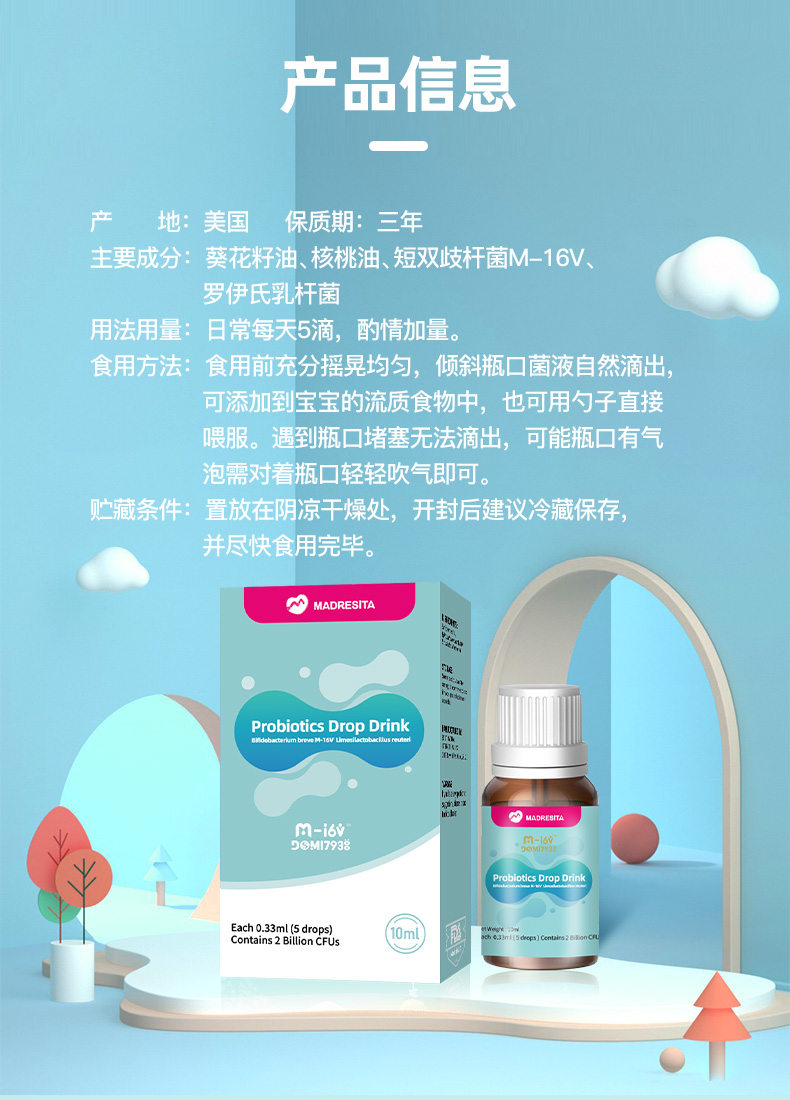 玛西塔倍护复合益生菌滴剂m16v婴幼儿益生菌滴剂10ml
---
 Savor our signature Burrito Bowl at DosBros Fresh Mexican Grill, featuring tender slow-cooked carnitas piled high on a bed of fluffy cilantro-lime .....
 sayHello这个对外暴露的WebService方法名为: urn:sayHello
* * *
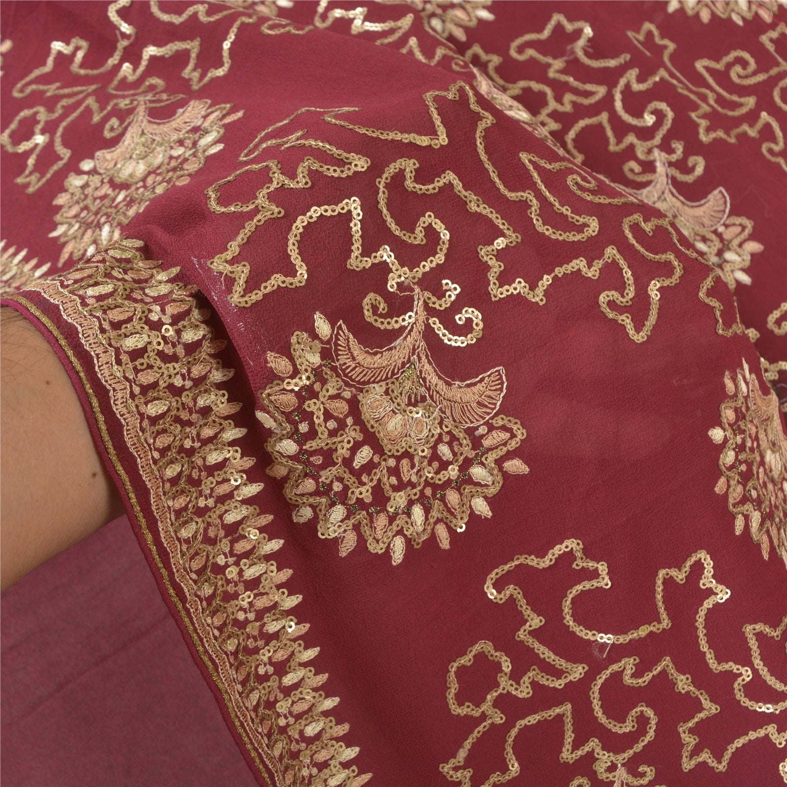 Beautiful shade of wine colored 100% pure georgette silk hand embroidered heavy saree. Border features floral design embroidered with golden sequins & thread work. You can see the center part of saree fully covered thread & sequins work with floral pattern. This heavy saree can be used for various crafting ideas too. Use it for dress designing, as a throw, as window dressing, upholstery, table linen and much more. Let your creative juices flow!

Exercise prompt
Given the records above, restate word for word only the lines starting at the one with "Savor our signature" and ending at the one with "sayHello这个对外暴露".

Output below
 Savor our signature Burrito Bowl at DosBros Fresh Mexican Grill, featuring tender slow-cooked carnitas piled high on a bed of fluffy cilantro-lime .....
 sayHello这个对外暴露的WebService方法名为: urn:sayHello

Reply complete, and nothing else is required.